Scan the records below for the line with "A rare vintage" and the line with "In an infinity", and retype that range exactly, both ends included, pictures excepted.

Material supplied:
··········
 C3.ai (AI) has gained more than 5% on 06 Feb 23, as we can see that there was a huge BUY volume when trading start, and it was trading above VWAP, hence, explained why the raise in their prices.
··········
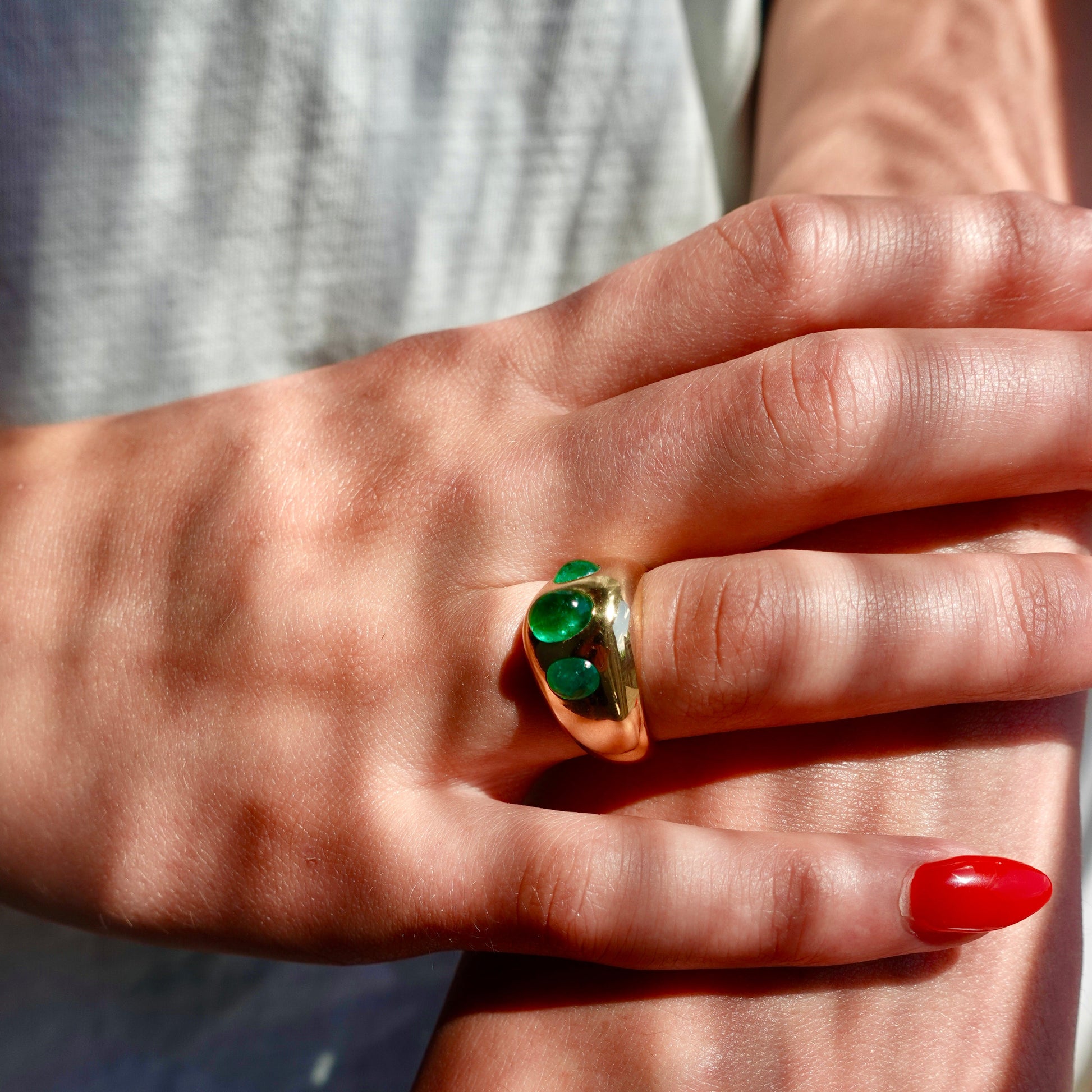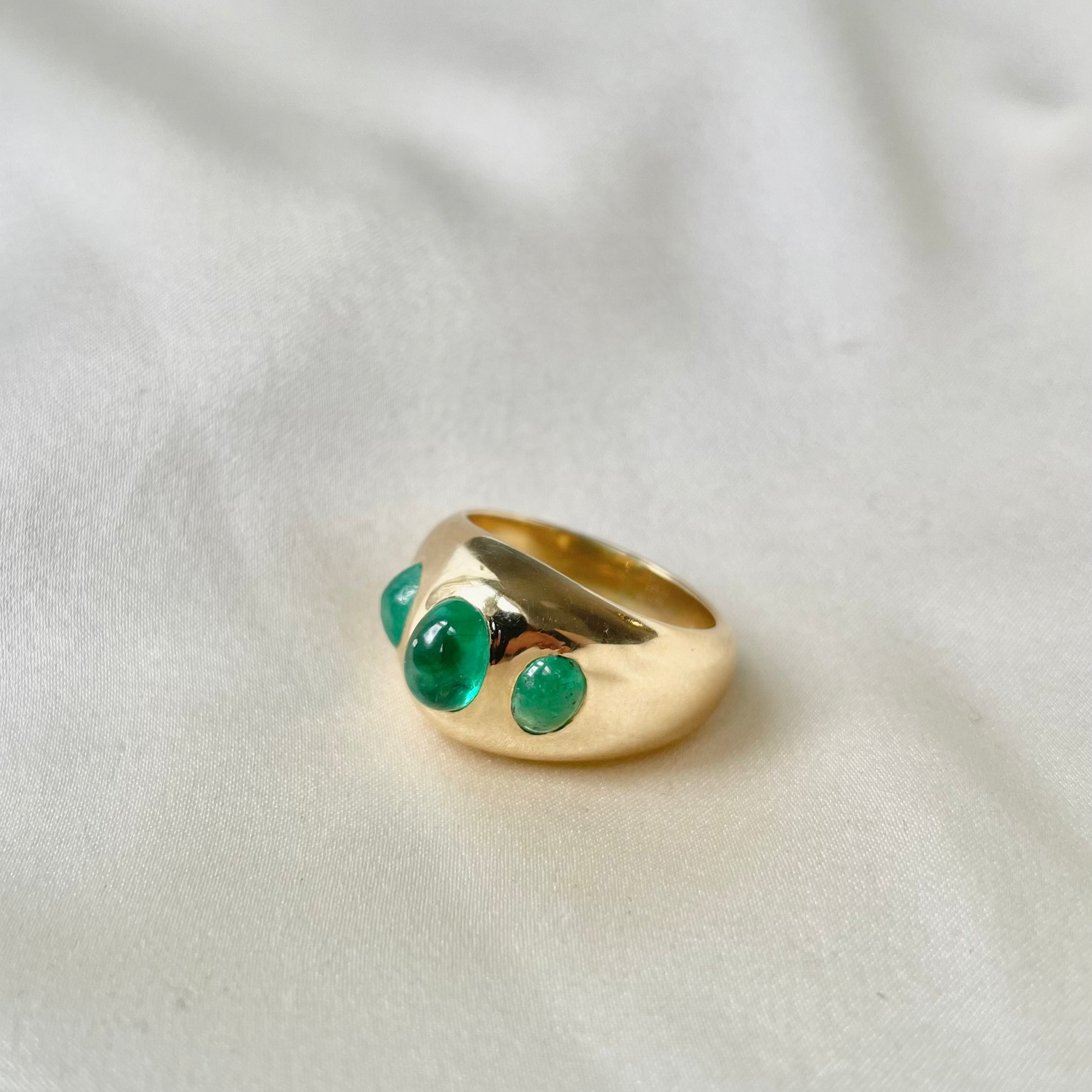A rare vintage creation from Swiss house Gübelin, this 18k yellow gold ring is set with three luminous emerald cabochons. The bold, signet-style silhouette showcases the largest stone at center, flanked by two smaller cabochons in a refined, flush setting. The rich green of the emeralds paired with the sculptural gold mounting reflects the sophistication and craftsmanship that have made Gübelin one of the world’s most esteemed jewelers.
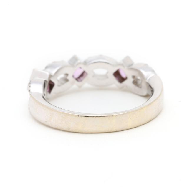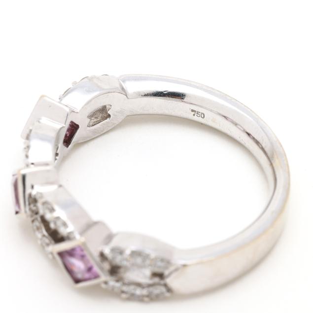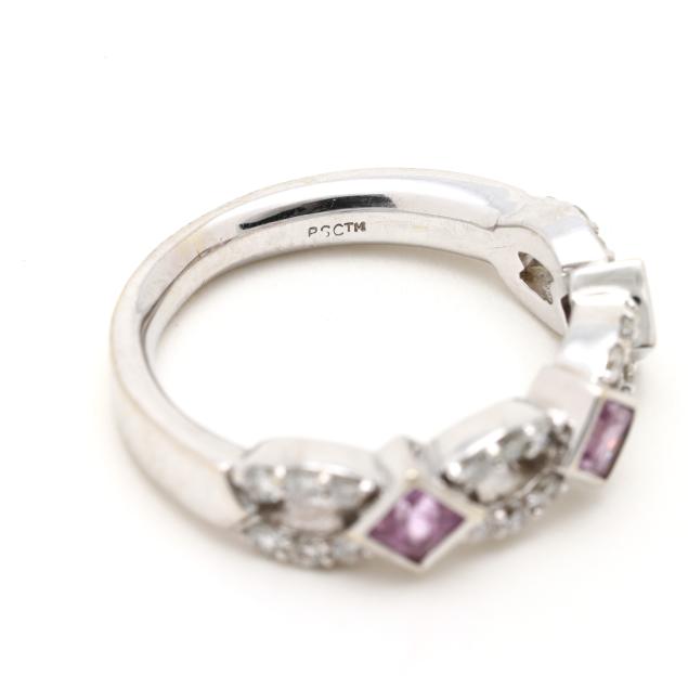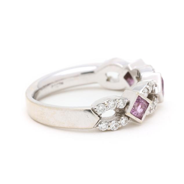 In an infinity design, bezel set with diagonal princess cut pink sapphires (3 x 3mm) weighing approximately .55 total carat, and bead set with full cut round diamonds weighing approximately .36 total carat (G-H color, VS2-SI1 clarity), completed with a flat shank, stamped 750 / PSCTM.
··········
Response area:
A rare vintage creation from Swiss house Gübelin, this 18k yellow gold ring is set with three luminous emerald cabochons. The bold, signet-style silhouette showcases the largest stone at center, flanked by two smaller cabochons in a refined, flush setting. The rich green of the emeralds paired with the sculptural gold mounting reflects the sophistication and craftsmanship that have made Gübelin one of the world’s most esteemed jewelers.
 In an infinity design, bezel set with diagonal princess cut pink sapphires (3 x 3mm) weighing approximately .55 total carat, and bead set with full cut round diamonds weighing approximately .36 total carat (G-H color, VS2-SI1 clarity), completed with a flat shank, stamped 750 / PSCTM.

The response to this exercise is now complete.